Although the Supreme Court in Gall emphasized the deferential nature of appellate review of sentences, it also highlighted the importance of having an adequate record on which to base that review, especially where a district court imposes a sentence outside the Guidelines range: 
If [a district court] decides that an outside-Guidelines sentence is warranted, he must consider the extent of the deviation and ensure that the justification is sufficiently compelling to support the degree of the variance. We find it uncontroversial that a major departure should be supported by a more significant justification than a minor one. After settling on the appropriate sentence, [a district court] must adequately explain the chosen sentence to allow for meaningful appellate review and to promote the perception of fair sentencing. 
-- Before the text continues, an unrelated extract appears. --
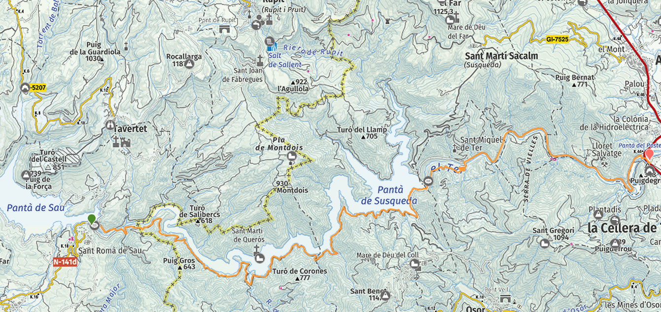 És l’etapa de les preses, perquè anirem vorejant les preses de Sau, Susqueda i El Pasteral. La panoràmica normalment és fantàstica, tot i que enguany pot ser una mica desoladora per la manca d’aigua.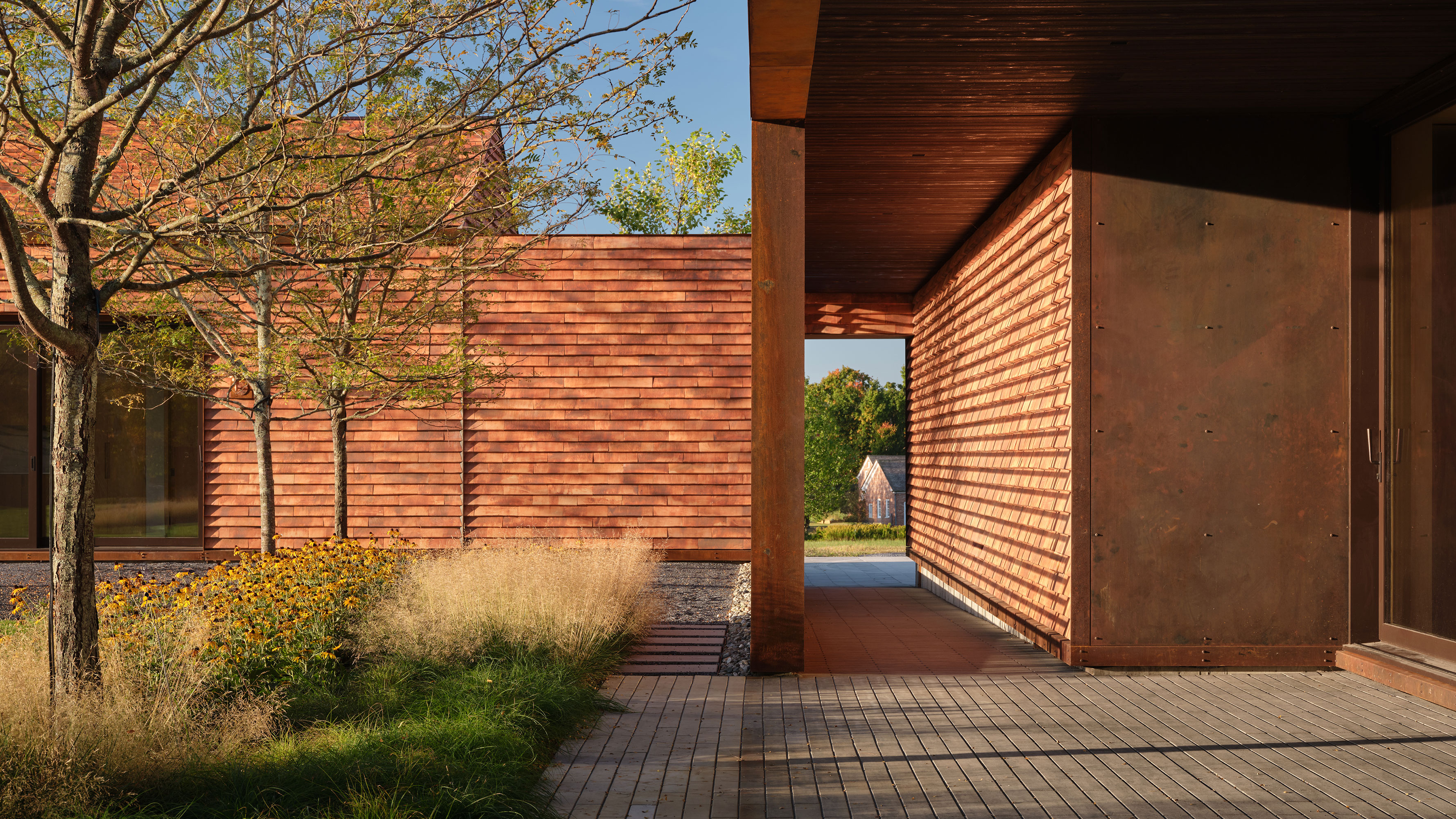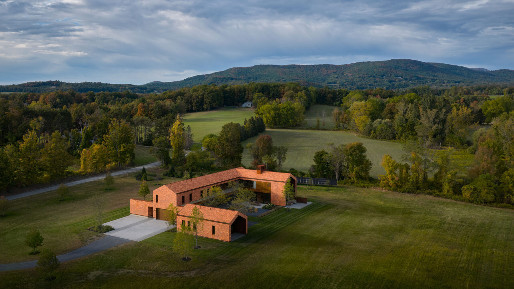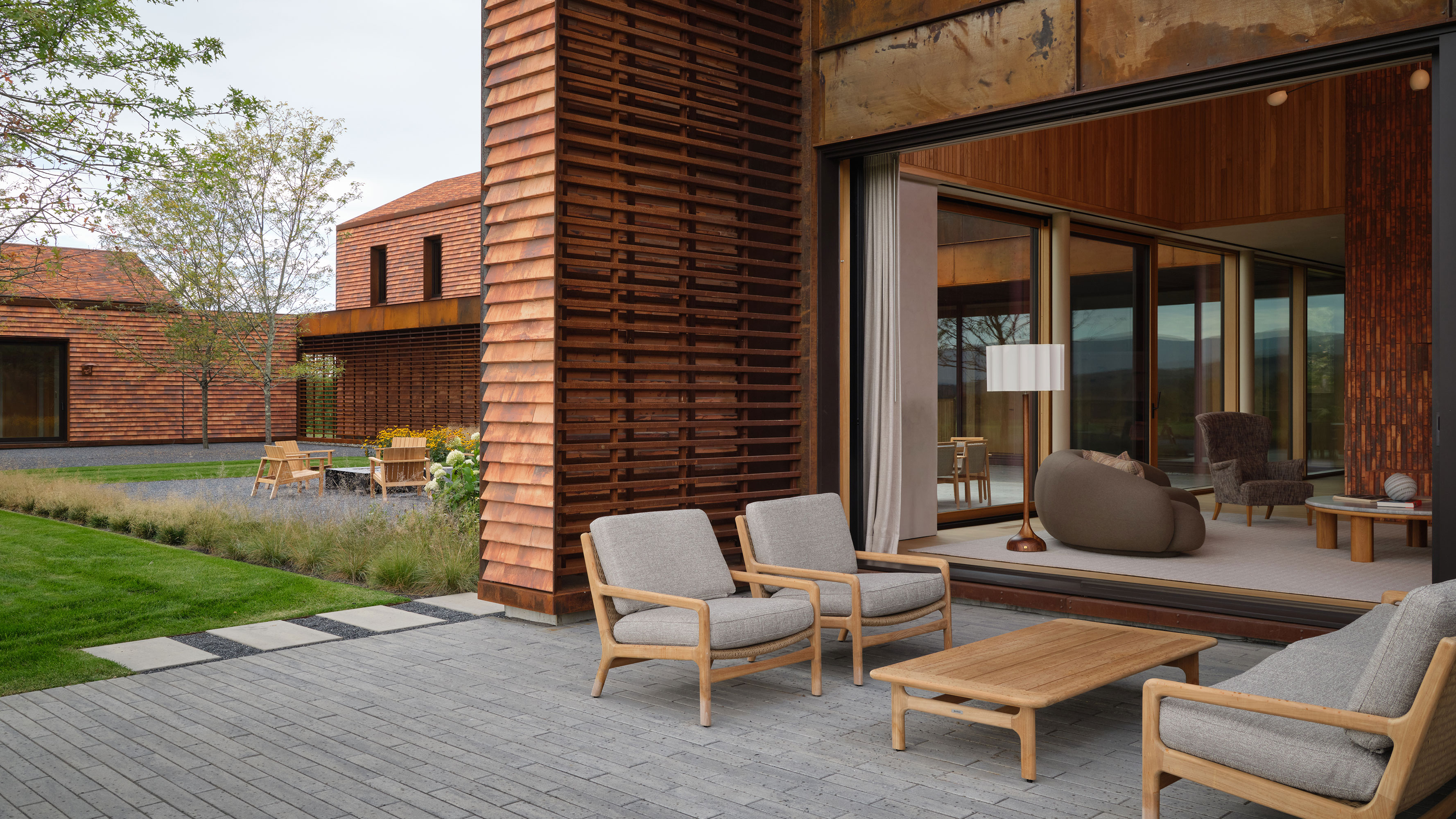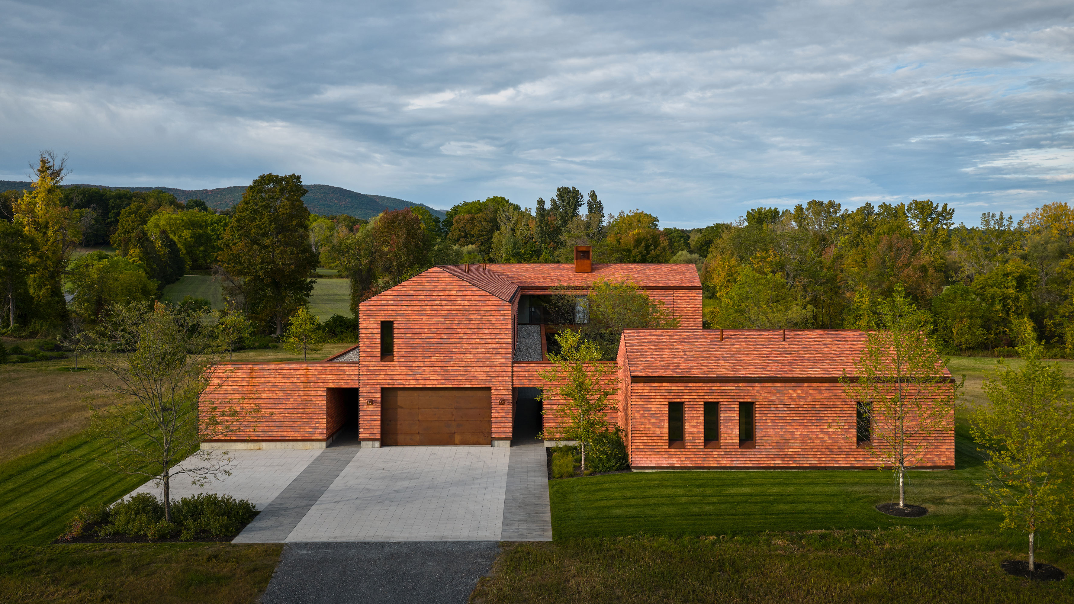 This modern family home was sited in a meadow and oriented to capture views of the surrounding agrarian landscape. WHLA worked closely with the architect and owner to develop a master plan for the home to accommodate family gatherings, entertainment, and retreat. Outdoor rooms are formed by the architectural lines to include a honey locust bosque, an outdoor fire pit area, and patios for both socializing and quiet reflection. A modern hardscape and minimalistic planting design compliment the architectural materials. Large mature native trees anchor the home in landscape creating a sense of permanence. The house and landscape draw on the region evoking a modern sense of place.

Id. at 50. The principle that "a major departure should be supported by a more significant justification than a minor one," id., applies regardless of whether the district court is varying above or below the advisory Guideline sentence. See id. at 43 (explaining that the defendant had a Guideline range of 30 to 37 months imprisonment but that the district court varied downward and imposed a sentence of 36 months probation).
Here, the district court found that Cole was responsible for causing Best Buy a loss of nearly $33 million and of evading more than $3 million in taxes. Cole and the government agree that the district court correctly calculated Cole's advisory Guideline range to be 135 to 168 months imprisonment—in other words, between 11.25 and 14 years imprisonment. The district court varied downward and imposed a significantly lower sentence, sentencing Cole to three years probation and no term of imprisonment. Cole's co-conspirators received much harsher sentences—180 months (15 years) imprisonment for Russell and 90 months (7.5 years) imprisonment for Bossany. 
Given the magnitude of the downward variance, the district court offered very little explanation for Cole's sentence. Moreover, the relatively brief explanation that the court did offer is at times contradictory. For example, the court stated at sentencing that it was "taking a huge chance" on Cole by imposing only a term of probation, but then said in its statement of reasons that it was confident Cole would not re-offend. Similarly, the court's statement of reasons suggested Cole just "went along with her husband's scheme and practiced willful blindness." However, this seems inconsistent with the guilty verdict on the tax evasion charges, because the jury instructions required the jury to find beyond a reasonable doubt that Cole "voluntarily and intentionally violate[d] a known legal duty." 
Because Cole's probationary sentence represents a "major departure" from the advisory Guidelines range, the court's brief and contradictory explanation of Cole's sentence is not sufficient "to allow for meaningful appellate review and to promote the perception of fair sentencing." See Gall, 552 U.S. at 50. Consequently, we cannot evaluate the government's claim of substantive unreasonableness at this time, and we remand for the district court to more fully explain the defendant-specific facts and policy decisions upon which it relied in determining that the probationary sentence is "sufficient, but not greater than necessary," § 3553(a), to achieve the sentencing objectives set forth in section 3553(a). See United States v. Moore, 683 F.3d 927, 932 (8th Cir. 2012).
My read is that the appellate court is signaling the sentencing judge that he or she will have to present a better narrative to justify that significant a departure.